Automotive

Global auto industry faces EV sale crisis

23rd April 2024
Harry Fowle
0

Millions of EVs on the market are facing the prospect of going unsold as the global auto industry prepares for an EV sale crisis.

The global EV industry is facing a significant mismatch between production and demand, which could lead to a surplus of zero-emission vehicles remaining unsold in the coming years. According to a report by a private research firm, the industry's output may exceed consumer demand by millions of units over the next two years, potentially sparking price wars.

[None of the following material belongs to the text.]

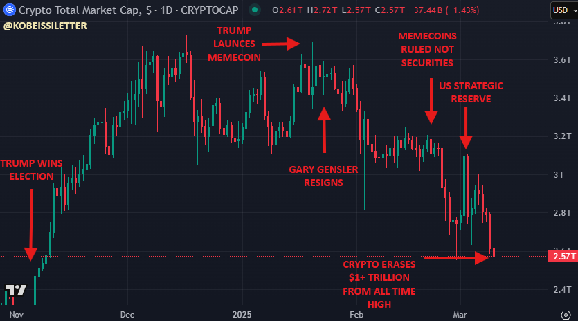 トランプ大統領の強気な公約のほぼすべてが実現したにもかかわらず、暗号通貨は1兆ドル以上下落しています。

This overproduction is occurring at a time when consumer demand for EVs is stagnating. While this scenario could lead to more affordable prices for consumers, it might also plunge parts of the automotive industry into a crisis. Additionally, this situation could prompt regulators and lawmakers to reconsider their aggressive carbon emission reduction goals that have spurred the rapid increase in EV production.

Last year, industry expectations, seen by The Times, were to produce over 15 million battery electric vehicles by 2024. However, projections have since been adjusted down by two million, to just over 13 million, due to declining consumer interest. Despite this reduction, production is still anticipated to outstrip demand by about 50%, as forecasts suggest only around 9.3 million EVs will be sold globally in 2024.

The disparity is even more pronounced in China, the world's largest EV market, where sales are expected to drop by 10%. Major manufacturers like Tesla and BYD have already reduced prices on their most popular models by up to 20% in response to the slowing demand.

Looking forward, industry data suggests that by 2025, global electric car production could reach 18 million units, significantly above the anticipated demand of less than 10 million units. This trend is expected to continue into 2026, with demand possibly increasing to 11 million units—still less than half of the projected production of 22 million units.

If these forecasts hold, the industry is on track to produce over 20 million more electric vehicles than the market can absorb from 2024 to 2026. While this could benefit consumers priced out of the EV market, the implications for manufacturers could be severe, underscoring the need for strategic adjustments in production planning and market forecasting.

An anonymous automotive analyst told The Times: “The industry is going to get a very rude awakening. They are pumping billions of dollars into production facilities that just aren’t going to be required, at least in the near to medium term. It’s a misallocation of capital similar to the dotcom bubble.”

Chinese market stagnation and rampant overproduction likely mean that manufacturers in China will switch focus to Western markets.

“While this might be good in the short term for consumers outside China as prices fall,” the analyst said, “longer term we could see the automotive industry in the West driven into the ground by the flood of vehicles from Chinese manufacturers who can produce electric cars in far greater numbers and more cheaply.

“Politicians [in the West] may find themselves having to act to protect their domestic car manufacturers and their supply chains.”

Reduced consumer purchasing power, heightened prices of EVs, concerns over battery range, and inadequate public charging facilities are contributing to a sluggish uptake of EVs, exacerbating the supply-demand imbalance. This issue is beginning to manifest within the industry.

Recently, Tesla announced plans to reduce its workforce by 14,000 employees, which accounts for 10% of its total staff. In Germany, the termination of government subsidies for EV purchases has led to a 30% decline in sales. Similarly, in Norway, which is recognised as a leader in electric car registrations, sales have plummeted by 50%.

European automakers, even in the wake of competition from China, continue to find themselves in a challenging position. They are under strict regulatory pressure to increase the production of zero-emission vehicles. Reducing production to match the lower demand could result in substantial fines. For instance, Volkswagen, with its brands Audi, Skoda, and Seat, is reportedly facing potential annual fines exceeding €4 billion for not meeting CO₂ emission targets.